Однако Пацевича никто не презирал, все считали его за своего, были с ним на равной ноге, платили ему отлично, предоставили ему свой автомобиль, и если он в общежитии американском и не жил, то проводил там все время. Секрет очень простой: Пацевич умел нравиться американкам и американками, разумеется, не пренебрегал, уделяя им поочередно или одновременно внимание – всем, оказывавшимся в его поле зрения. При этом он вел себя настолько умело, что никакой ревности ни у кого не было, не делал ни одной неловкости, успехами своими не кичился, стараясь делать вид души общества, и только, занимательного собеседника, услужливого кавалера и, в особенности, – в особенности – изумительного танцора.
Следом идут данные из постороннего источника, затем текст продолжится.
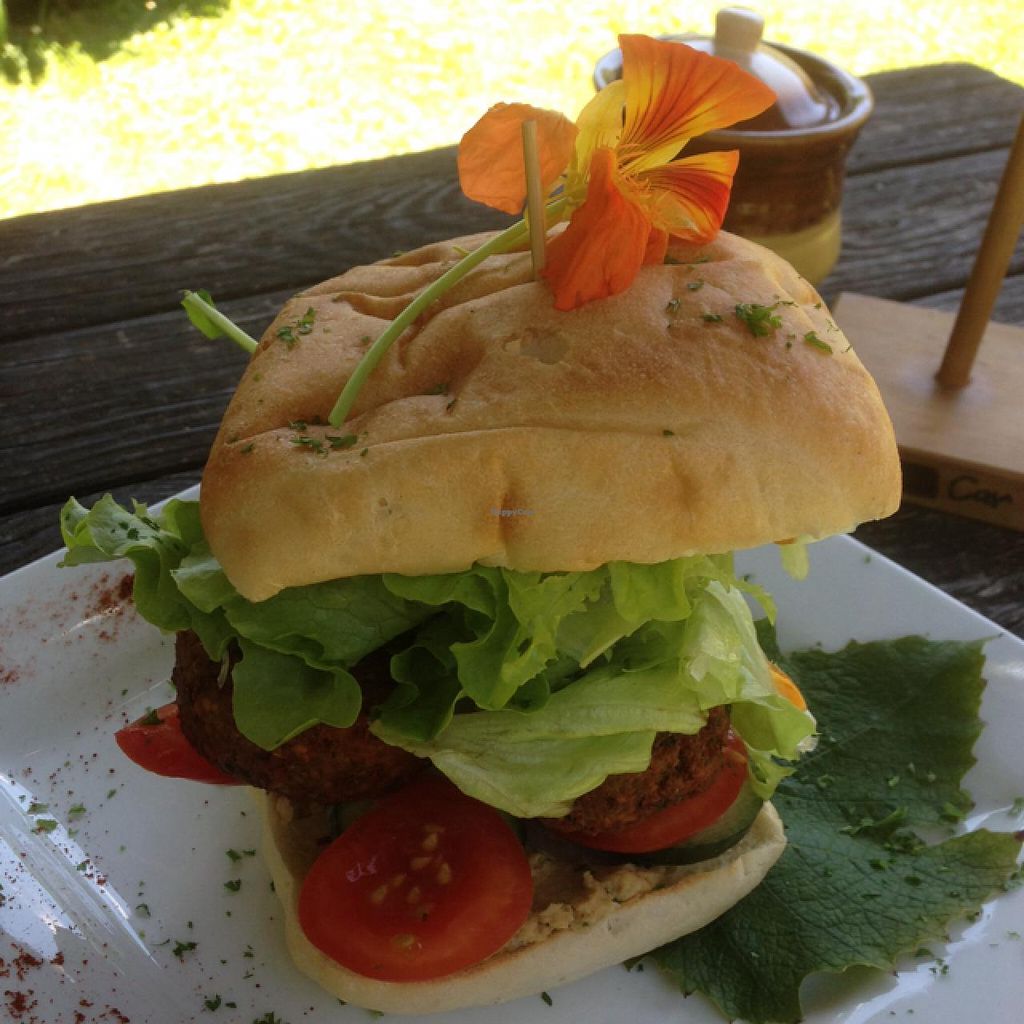 I went there twice on a recent trip to the Coromandel. I rang before I came and was told they had vegan food and it was not a problem. The first time I went there, it was late afternoon. I was told the cook had finished and there was no vegan food. The restaurant still had customers coming in and buying counter food. I asked if there was anything in the vast array of goods on the counter that I could eat. I was at first told no and then shown a jar of greyish biscuits and told they were vegan. They looked the most unappetising biscuits (hard and greyish) I have ever seen so I just left. I came back and tried again the next day for lunch as the wait person told me there is vegan food during the day. Sadly this time all there was on offer for vegans was felefal or a bagel and hummus. It seems this is all they ever have on offer. I was so disappointed. Falafel and bagels and hummus is basically standby vegan food – something you eat when you can’t get anything else and you're so hungry. I ordered the burger and although it was alright, the overload of chick peas both in the burger and in the hummus on the bun was not great and the meal had no creaminess (such as a tahini sauce or vegan mayo on the salad) so it was quite harsh on the stomach. I would not order this again. I felt really chick pea'd out afterwards.

Однако он танцевал не для того, чтобы вертеть перегретые телеса. Он любил танцевать. Когда у него вечер оставался свободным от обязательств (что, впрочем, случалось редко), он шел в Городской сад7
, где вальсовал или танцевал фокстрот до утра с румынками или гречанками легкого поведения, отвечая любезной улыбкой на их, золоченые, и не скупясь на шампанское. Он считал нужным поддерживать себя в форме, охотно говоря, что самое главное, чем надо располагать в совершенстве, это танец и танец, так как танец в данном случае является суррогатом любви, так как американка за границей занимается не любовью, а чайными ложками, или по чайной ложке, или просто по ложке и, испытав решительно все прелести, непременно возвращается в Штаты девственницей.